Module 6 Discussion-Stats 250 words Initial Post. will send replies later. Describe an example of a research question where a RegressionModel could

Module 6 Discussion-Stats
250 words Initial Post. will send replies later.

Describe an example of a research question where a RegressionModel could be been used. Describe the characteristics of the independent variables and their likelihood of explaining the variance in the dependent variable . Discuss your estimate what you would expect the correlation coefficientto be between the pairs of each independent variable and the dependent variable.
Discuss how r^2 is valuable in determining the effectiveness of the regression model.

Don't use plagiarized sources. Get Your Custom Assignment on
Module 6 Discussion-Stats 250 words Initial Post. will send replies later. Describe an example of a research question where a RegressionModel could
From as Little as $13/Page

In your two replies to classmates, provide insights for the similarities and dissimilarities between their example and yours.

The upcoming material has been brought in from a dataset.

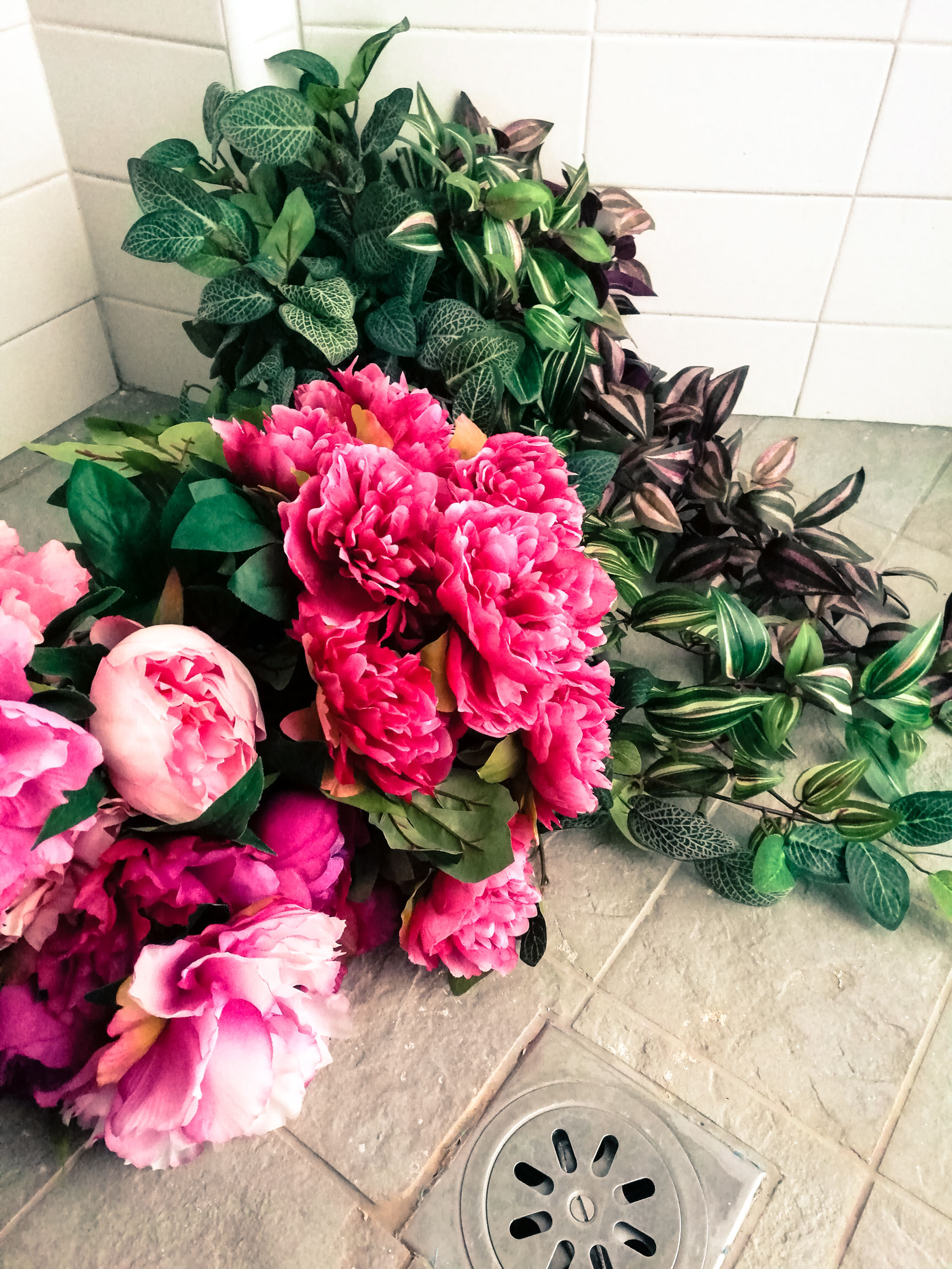La scelta è caduta sulle peonie ( vi lascio i link qui e qui ) con varie tonalità di rosa, dal pallido all’intenso, per creare un abbinamento tono su tono.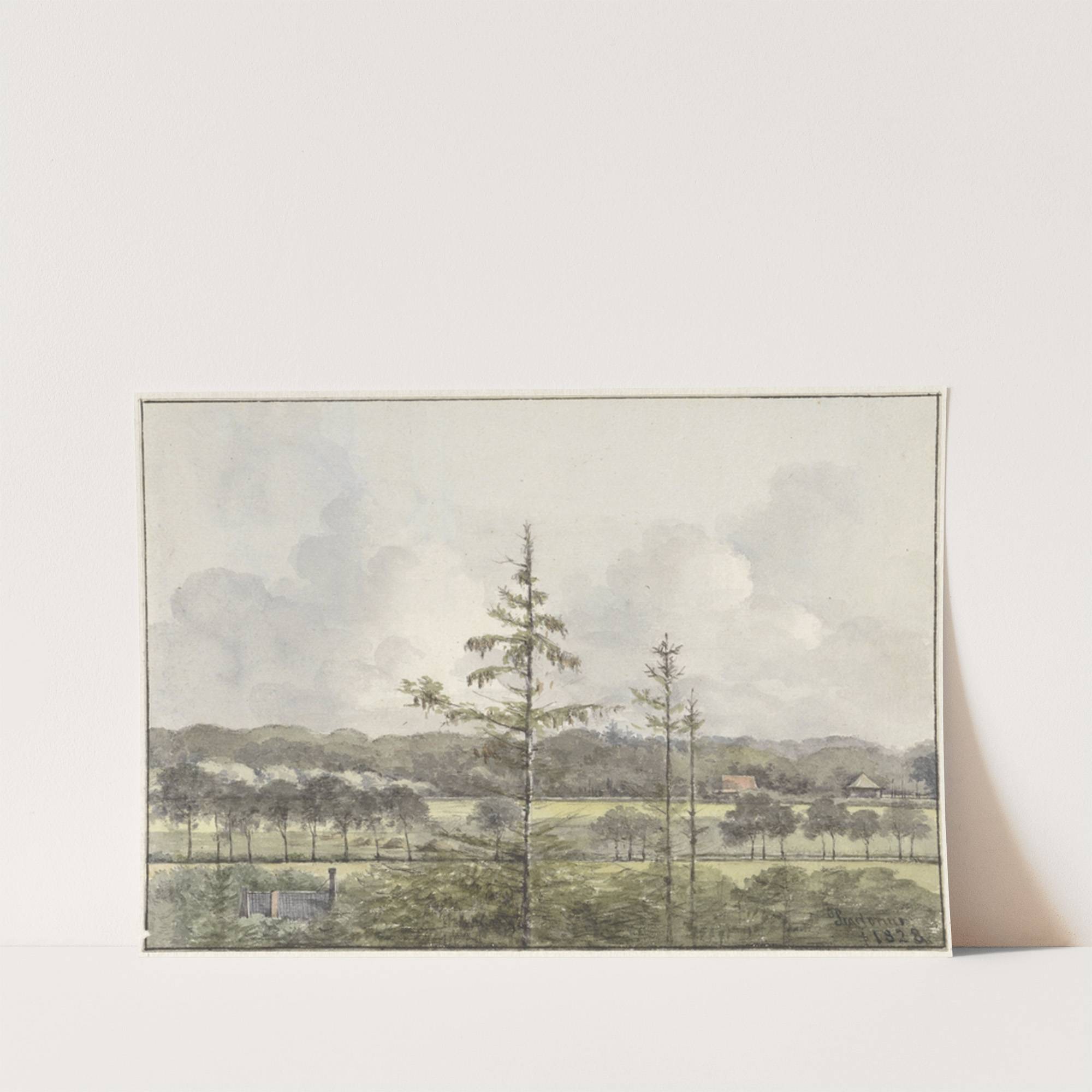 Vergezicht van weilanden met boerderijen by Pieter Ernst Hendrik Praetorius - Wall Art Print

Running head: MODULE 6 DISCUSSION 1
MODULE 6 DISCUSSION 2

Module 6 Discussion

Students name
Professors name
Course title
Date

250 words Initial Post. will send replies later.
1. Describe an example of a research question where a RegressionModel could be been used. Describe the characteristics of the independent variables and their likelihood of explaining the variance in the dependent variable . Discuss your estimate what you would expect the correlation coefficientto be between the pairs of each independent variable and the dependent variable.
A company that runs call centers can use regression analysis to determine the effect of decline in calls on sales. After understanding it, the company predicts how to solve the problem or figure out if this pattern will continue in the future. Generally, the sales tend to go down when the number of calls decline and vice versa. This reflects a positive relationship among the variables. Thus, they are strongly correlated to each other. Regression helps identify the strengths as well as the weaknesses in order to improve on them and push the calls drops upwards to increase sales. In this scenario, the independent variable is the calls whiles sales is the dependent variable. The regression equation can be stated as: y=bx+a where y is the dependent variable, x is independent variable, and a refers to the constant or y intercept. The values of x can be changed from time to time to find out what happens to y. Hence, independent variables are the variables which are manipulated. In addition, its impacts can be measured besides compared. They are also referred to as predictors because they forecast the dependent variable values. Dependent variables measure the effect of independent variable on test units. They depend on independent variables. They are the variables that are predicted. To be precise, regression is a method for relating the variables to one another (Black, 2017). The researcher observes the data, graphs it, and establishes if there is a pattern. Next, an equation is created that best matches the pattern. Deriving line of best fit is the most common form of linear regression.
2. Discuss how r^2 is valuable in determining the effectiveness of the regression model.
In your two replies to classmates, provide insights for the similarities and dissimilarities between their example and yours.
R2 or coefficient of determination analyzes strength of linear relationship among variables. It ranges between 0 and 1.0. 1.0 is a perfect fit and is most reliable for forecasting the future. 0 value shows that the model does not express the data accurately. R2 (0.60) reveals that 60% of the variation in dependent variable is explained by independent variable. A higher R2 means that the model can be strongly predicted. It indicates smaller variations between fitted values and observed data. After designing the linear model, the researcher wants to know how well the regression model matches with the data (Frost, 2020). R2 is one way of determining fitness. Goodness of fit examines the distance between the data points which are scattered in the diagram and the drawn line. Tight dataset will have a line which is close to the points and a high fitting level, a reflection that distance between the data and line is small. Notably, regression model best aligns with the data if the variations between observations and predicted values are small and not biased. Before evaluating the goodness of fit measures such as R2, assess residual plots. These plots show a biased model instead of numeric output. It indicates the patterns that have issues in residuals. The results are untrustworthy if he model is biased. If the residual plots are good then, proceed on to come up with r2. Adjusted R2 is recommended when analyzing the models fitness (Black, 2017). This adjusted model portrays the number of independent variables as well as the sample size. It may decrease or increase when an independent variable is added or removed. A rise in Adjusted R2 shows that the model has really improved.

References
Black, K. (2017). Business Statistics: For Contemporary Decision Making, (9th Edition). Hoboken, N.J.: Wiley.
Frost, J. (2020). How to interpret R-squared in regression analysis. Retrieved from https://statisticsbyjim.com/regression/interpret-r-squared-regression/ #Q1

Jtrain2

a. Fraction of men receiving job training is 0.4157 or 41.57%

b. Averages of re78 for the sample of men who received job training is 6.35 thousand dollars

whereas Averages of re78 for the sample of men not received job training is 4.55 thousand

dollars. This is a 1.8 thousand dollars which is a economically statistical figure.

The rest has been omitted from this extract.